The present study has shown that ischemic encephalopathy was the most common neuroimaging finding seen in the study population. The other neuroimaging findings are CNS malformation, global cortical atrophy, and periventricular leukomalacia [21].

In our study, refractive error necessitating spectacle correction accounts for the most common ocular problem seen, followed by strabismus, nystagmus, and corneal opacity. This finding was also similar to a study done in India [12].

Detailed observation of the visual behavior added new elements which allowed us to gain a better understanding of visual function indicators for possible cerebral visual disorders at an early stage. There is a wide variety of CVI behaviors. A child may have one or more of these CVI behaviors, and the degree of severity of the presenting functional vision characteristic may vary considerably [17]. Based on Roman-Lantzy’s three phases of the CVI Range, we found that 90% of children with CVI at the test time had Phase I or Phase II vision.

Our analysis is based on a referral practice and describes the age of the majority of our study population, which was between 1 and 5 years at presentation and had most of the eye findings. There is a need for children’s eye care centers to equip themselves with the necessary skills and facilities to ensure children receive the additional support they require at the earliest possible age. Furthermore, many milder cases of CVI went unidentified since they were not able to get a referral for ophthalmic evaluation. To further support a diagnosis of a mild form of CVI in the child, known causes of CVI in the child’s medical history should be the most important consideration for CVI screening.

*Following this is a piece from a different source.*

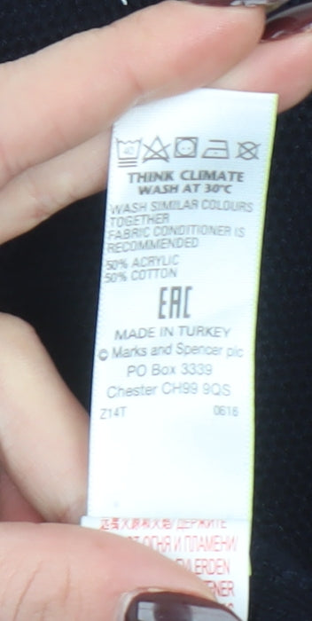 This elegant black cardigan from Marks and Spencer’s Limited Edition collection is a versatile addition to any wardrobe. Designed in a tailored slim fit, it combines modern sophistication with timeless comfort. Crafted from a high-quality cotton-rich blend of 50% cotton and 50% acrylic, it offers breathability, softness, and durability in equal measure. The cardigan features a classic V-neckline and a full front button fastening, making it easy to layer over shirts or T-shirts for a polished or relaxed look. Ideal for both business-casual environments and weekend wear, it provides a flattering silhouette that complements the wearer’s shape without restricting movement. The finely knit structure ensures a lightweight yet warm feel, suitable for year-round layering, especially in spring, autumn, and winter. Finished in a pure black tone, it pairs effortlessly with trousers, jeans, or chinos, adding smart sophistication to any outfit. The ribbed cuffs and hem help maintain shape and give the garment a neat finish. Machine washable for practicality, this cardigan is easy to care for and built to last. Although in excellent condition with only light lint visible, this makes it a great value find for those who appreciate quality craftsmanship and enduring style. Whether for office layering, weekend outings, or everyday smart-casual wear, this Marks and Spencer cardigan offers a perfect balance of style and comfort. A dependable classic piece that every man’s wardrobe can benefit from, it delivers understated elegance and wearability. Perfect for those seeking a refined knitwear option that works for multiple occasions, making it a practical and stylish investment piece.

Most notably, this is the first study to our knowledge to describe the causes, associated ophthalmic and neurological deficits, and visual behavioral characteristics in Ethiopia at the children’s eye care center. However, some limitations are worth noting. The first limitation was that children with mild forms of CVI may not have been included in the study because we used visual perception testing as a diagnostic functional vision test, and may have underestimated the prevalence of the disorder. The other limitation was that incomplete referral papers resulted in difficulty in analysis and drawing conclusions due to missing data.

The findings of this study demonstrated that CVI as a cause of childhood vision impairment is significant. Hypoxic-ischemic encephalopathy is the most common cause of CVI. The majority of children with CVI have serious neurological and ophthalmic abnormalities. The study emphasizes the importance of evaluating the visual behaviors (target needs for movement, visual latency, visual field preference, and color preference) in unexplainable vision loss in normal eyes. Providing children’s eye care centers with the necessary skills and facilities to ensure children with CVI receive the necessary support and strengthening team approaches to address challenges.

Professor Abebe Bejiga’s expert assistance is gratefully acknowledged. The staff at Menelik II hospital children’s eye care center, the ophthalmic residents, and the families who inspired this work deserve our deepest gratitude.